Entendimento da Corte não impede que o fisco responsabilize terceiros pela dívida de uma empresa, mas pode elevar o interesse de autoridades numa forma melhor para cobrar dívidas.
O Superior Tribunal de Justiça (STJ) declarou inconstitucional um decreto que permitia a responsabilização solidária dos sócios de empresa ou associação em caso de inadimplemento da pessoa jurídica nos impostos federais.
Segundo o especialista em direito tributário do Schneider, Pugliese, Advogados, Flávio Carvalho, a decisão aumentou a segurança jurídica. “Em um País como o nosso, em que é tão difícil empreender, [a decisão] dá segurança para o empresário de que ele não ficará com a corda no pescoço quando a empresa não pagar imposto”, afirma.
O Decreto-lei 1.736/1979 determina que acionistas controladores, diretores, gerentes ou representantes de pessoas jurídicas de direito privado são solidariamente responsáveis em caso de falta de recolhimento do Imposto sobre Produtos Industrializados (IPI) e no Imposto de Renda descontado na fonte.

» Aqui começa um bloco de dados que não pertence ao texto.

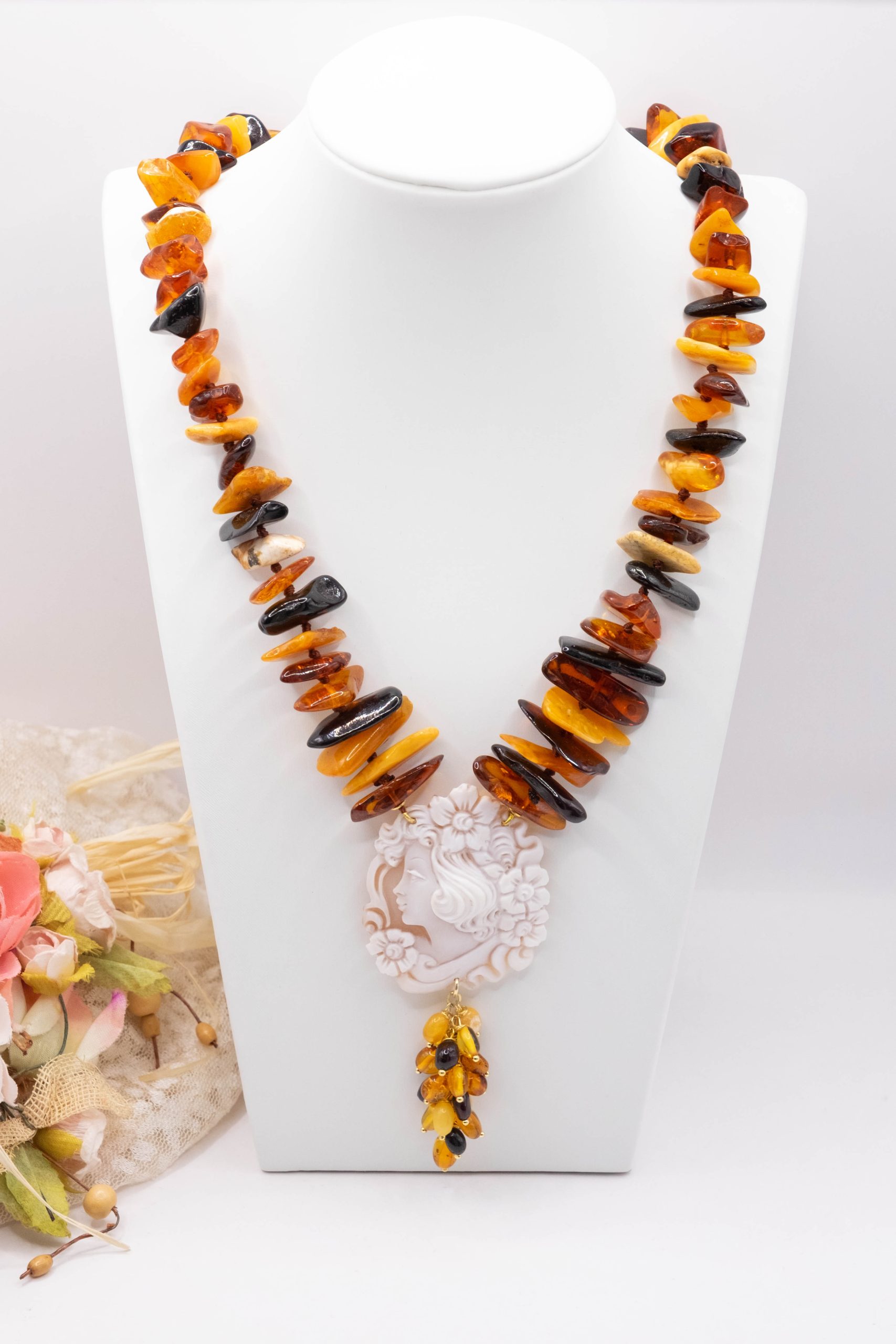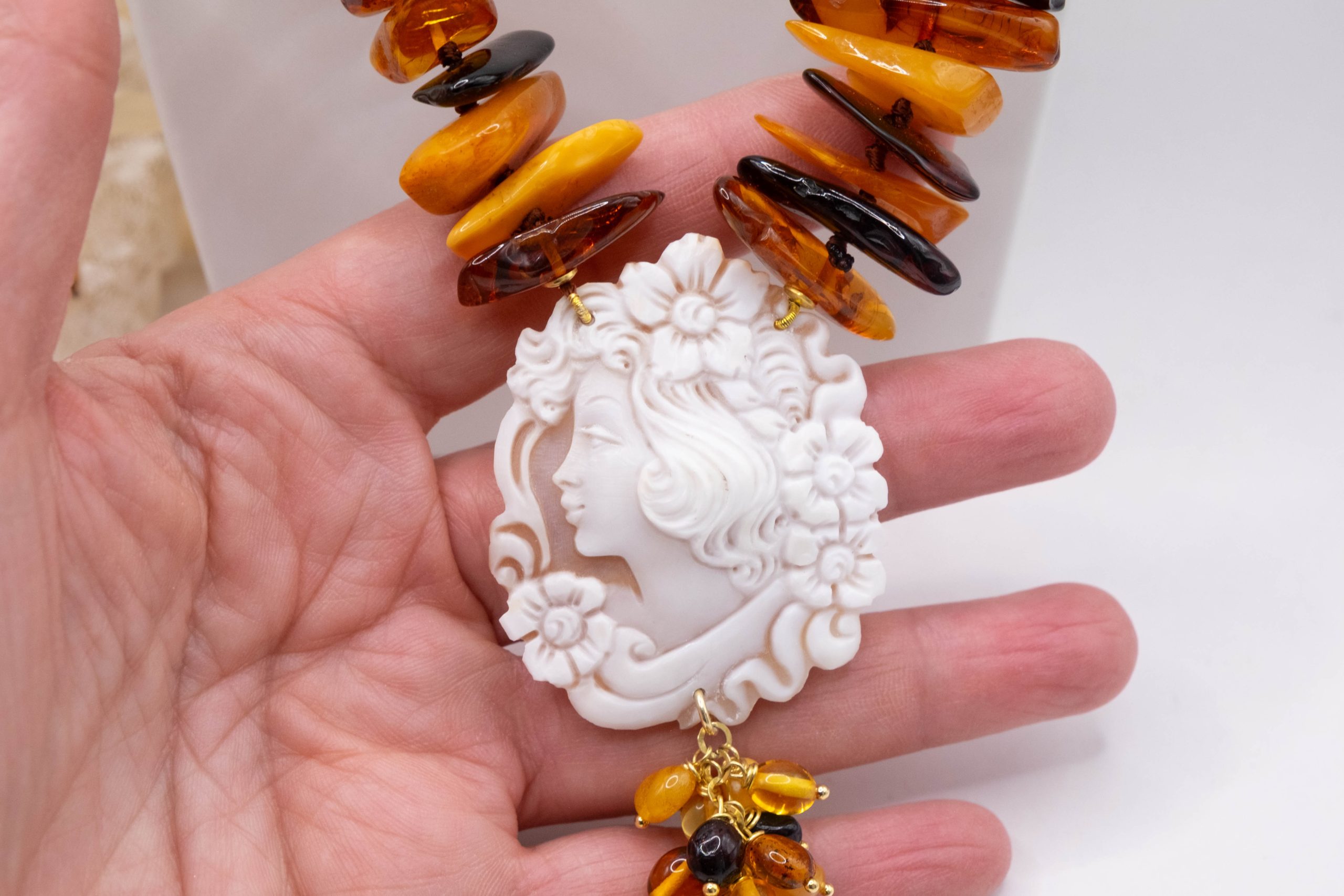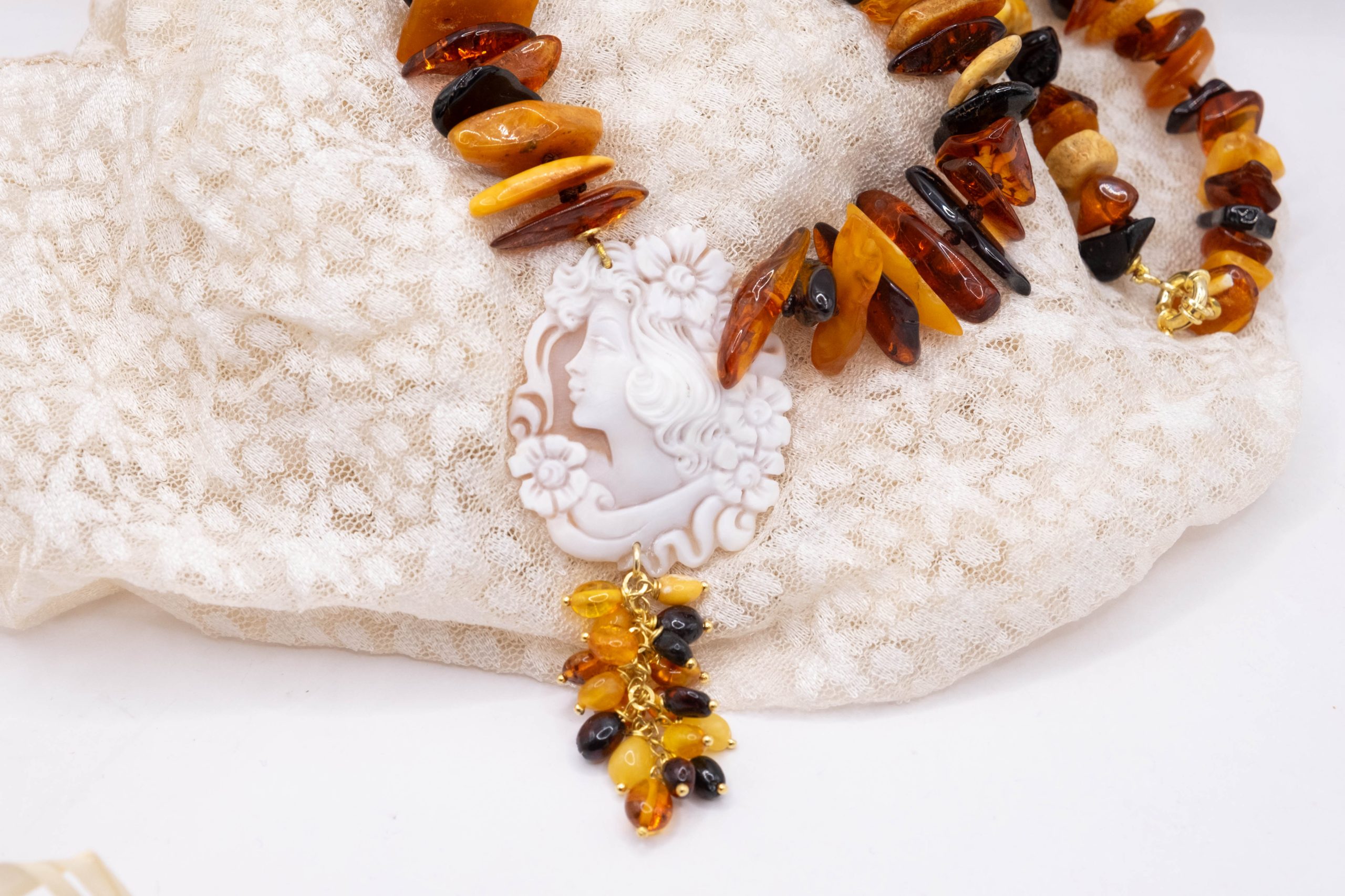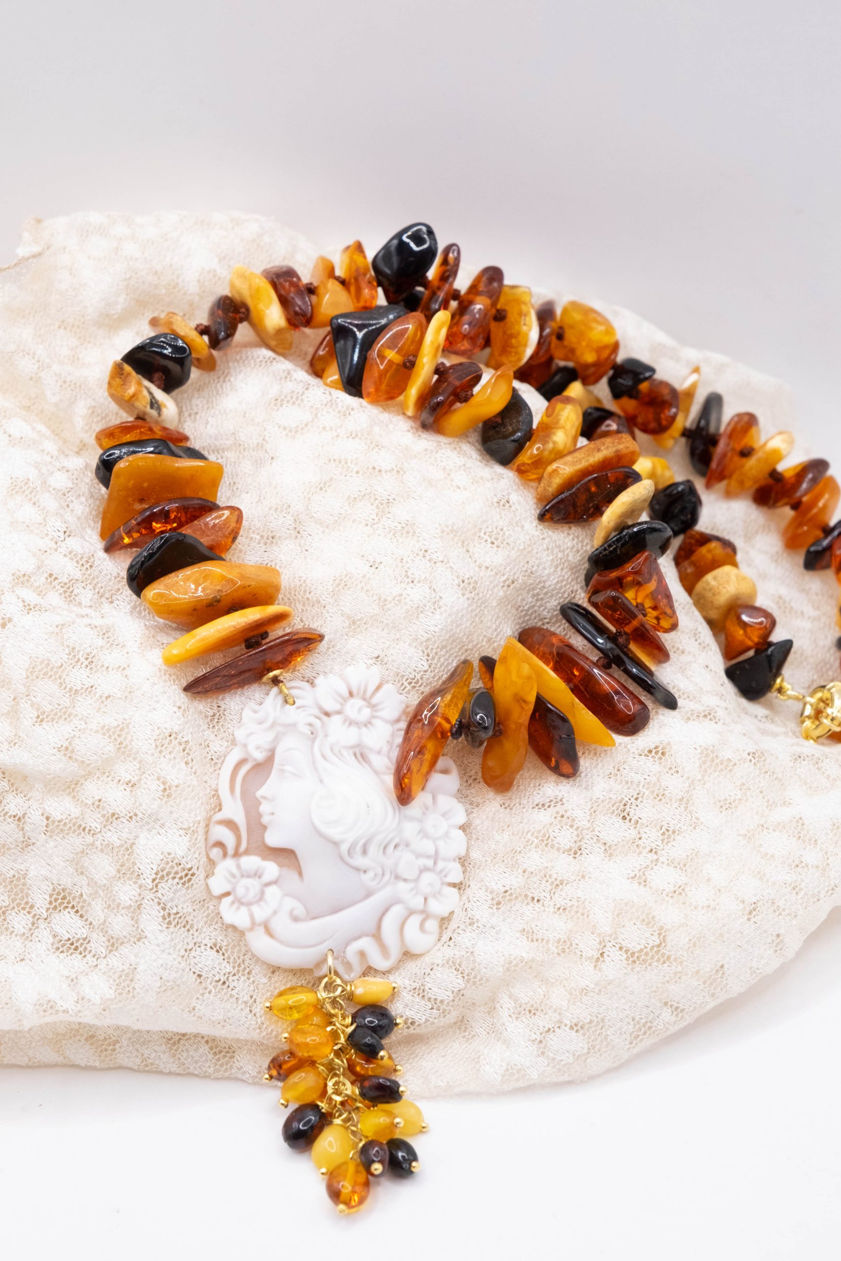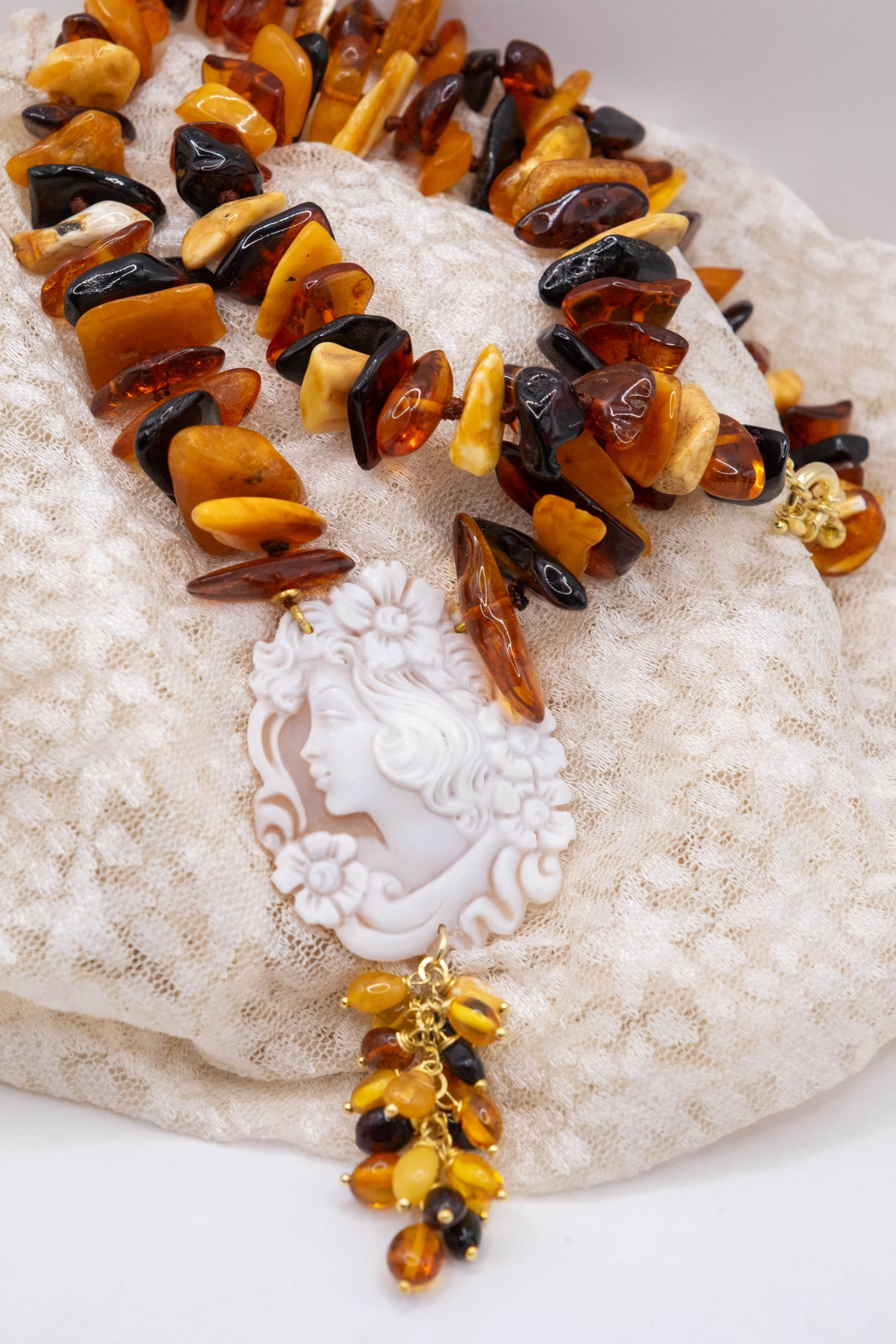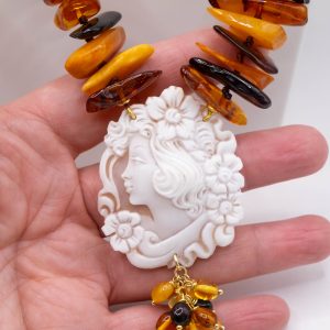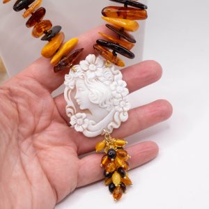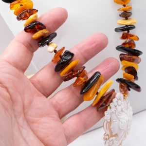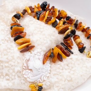 Elegant Baltic amber necklace with a thousand shades of color and a Torre del Greco cameo. Top quality.

Os membros da Corte Especial no STJ, por unanimidade, seguiram o voto do relator, ministro Og Fernandes na questão, relacionada à execução fiscal de uma cooperativa do setor de saúde. De acordo com o magistrado, tanto a Constituição de 1967/1969 quanto a atual, promulgada em 1988, exigem Lei Complementar para alterar normas gerais em matéria tributária. Dessa forma, o decreto expedido na época da ditadura militar – e usado como justificativa pela Receita para fazer a cobrança – foi considerado inconstitucional.
Para o advogado tributarista do Nelson Wilians e Advogados Associados, Adam Henrique Pinheiro da Silva, apesar dos ministros terem analisado o tema pela questão formal constitucional, o decreto já era polêmico desde o início por permitir a responsabilização sem qualquer comprovação de dolo por parte do sócio ou do acionista. “Essa previsão também não está de acordo com os artigos 134 e 135 do Código Tributário Nacional, que afastam a possibilidade da inadimplência gerar, por si só, a responsabilidade solidária”.
“Segundo o decreto de 1979, a mera participação na sociedade já permitiria que os sócios fossem responsabilizados por uma dívida tributária”, ressalta Flávio Carvalho.
Na opinião do advogado do Schneider, Pugliese, é importante que se aponte quem causou o inadimplemento, com uma investigação individualizada. “Em caso de fraude, faz sentido responsabilizar todo mundo, mas obrigar uma pessoa física a pagar por um tributo devido pela empresa sem ter qualquer comprovação de culpa dessa pessoa é algo no mínimo controverso”.
Via mais fácil
Adam Henrique Pinheiro da Silva acredita que a decisão do STJ fará com que a Receita Federal fique mais receosa antes de cobrar dívidas tributárias de sócios das empresas quando não conseguir receber o pagamento da empresa. “As fazendas públicas não analisam qual foi o sócio que atuou com dolo ou acabou fazendo alguma infração. Todos os sócios são inseridos indiscriminadamente e às vezes sem sequer ter direito a defesa em âmbito administrativo”, explica o advogado do Nelson Wilians.
Já Flávio Carvalho lembra que o entendimento da Corte não impede que o fisco responsabilize terceiros pela dívida de uma pessoa jurídica, já que existem outras ferramentas para isso. “A Receita usava a ferramenta mais fácil que tinha à mão, que era responsabilizar sócio e administrador sem provar o envolvimento de cada um”, comenta. “Porém, existem outros mecanismos na execução fiscal que permitem essa busca por responsáveis.”
De acordo com ele, a Procuradoria da Fazenda Nacional regularmente faz esse tipo de execução fiscal, colocando os sócios no polo passivo, de modo que a decisão será muito positiva para os empresários.
Além disso, Carvalho defende que o juízo traz maior harmonia à jurisprudência, visto que tanto o STJ quanto o Supremo Tribunal Federal (STF) já tinham decidido em outros casos que o inadimplemento não pode gerar responsabilidade solidária do sócio-gerente sem que seja apontada qualquer fraude. A Súmula 430, do próprio STJ, versa sobre isso.